The Florida House has passed a bill that re-works mandatory life sentences for juveniles, bringing state law closer to a ruling from the United States Supreme Court banning such sentences.
The U.S. Supreme Court ruled in 2012 that life without parole for juveniles violates the Constitution's ban against cruel and unusual punishment, leaving Florida law in need of an update.
The House passed the bill (HB 7035), sponsored by James Grant, R-Tampa, 117-0 on Tuesday. The accompanying Senate bill (SB 384) is on the calendar for Thursday.
The House bill allows for varying sentences and a judicial hearing depending on the crime.

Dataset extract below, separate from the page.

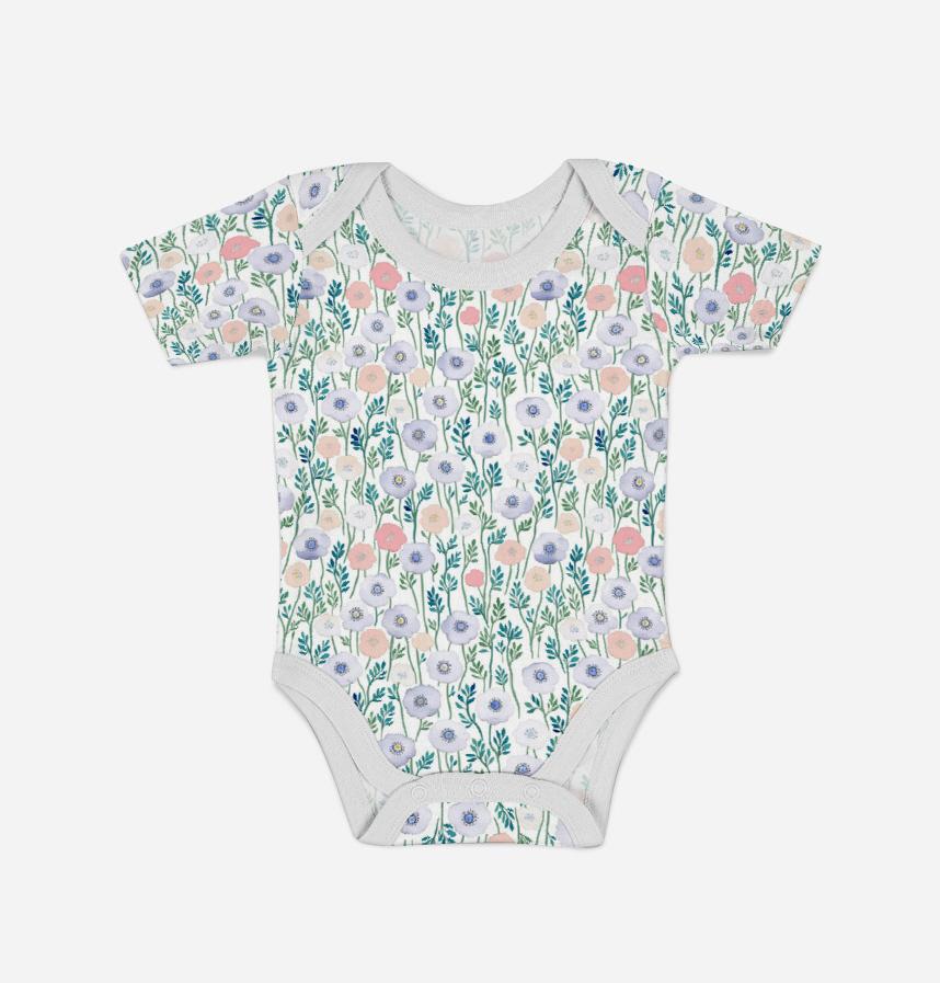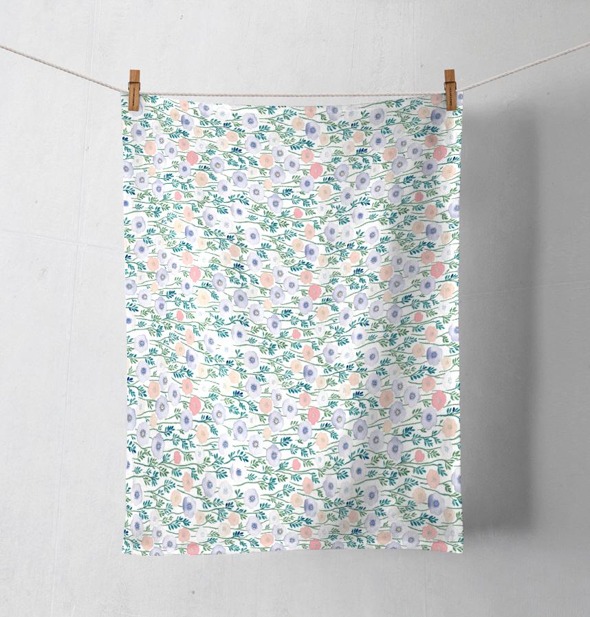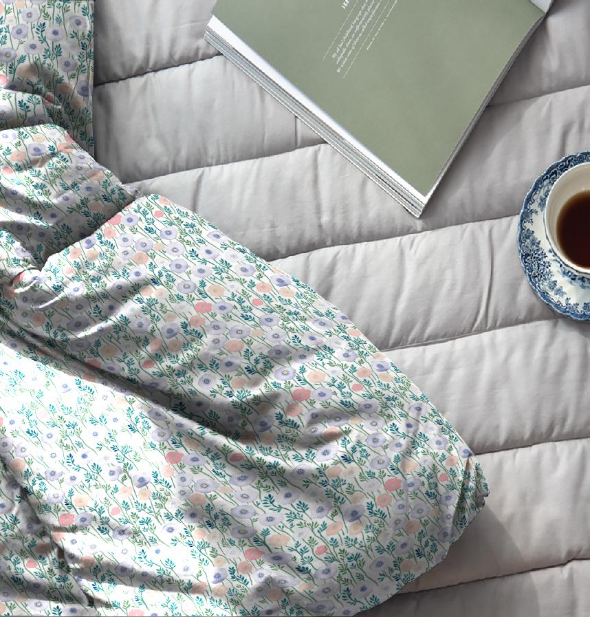 やわらかな色味の花が一面に広がるお花畑のような生地です。

The U.S. Supreme Court has acknowledged that juvenile brains are still developing, and they deserve an opportunity for rehabilitation. The bill excludes a review for murder defendants who previously committed serious crimes.
"I believe we landed in a good spot," Grant said. "If we do not get something done this year, the Supreme Court will be writing this law and we don't know what we'll get.
"I believe we've landed in a place ... that is common sense that ensures that monsters who threaten our public safety are not let out of prison, but then every juvenile sentenced is not seen somehow as a monster that we do provide a process for rehabilitation - to differentiate between those two juveniles."
Following the U.S. Supreme Court ruling, the Florida Supreme Court began hearing arguments in the case of Rebecca Falcon, who was convicted of murder and sentenced to life without parole at age 15 after a cab driver was shot in the head in 1997. She is seeking release after the U.S. Supreme Court banned life-without-parole sentences for those who were under age 18 when the crime was committed.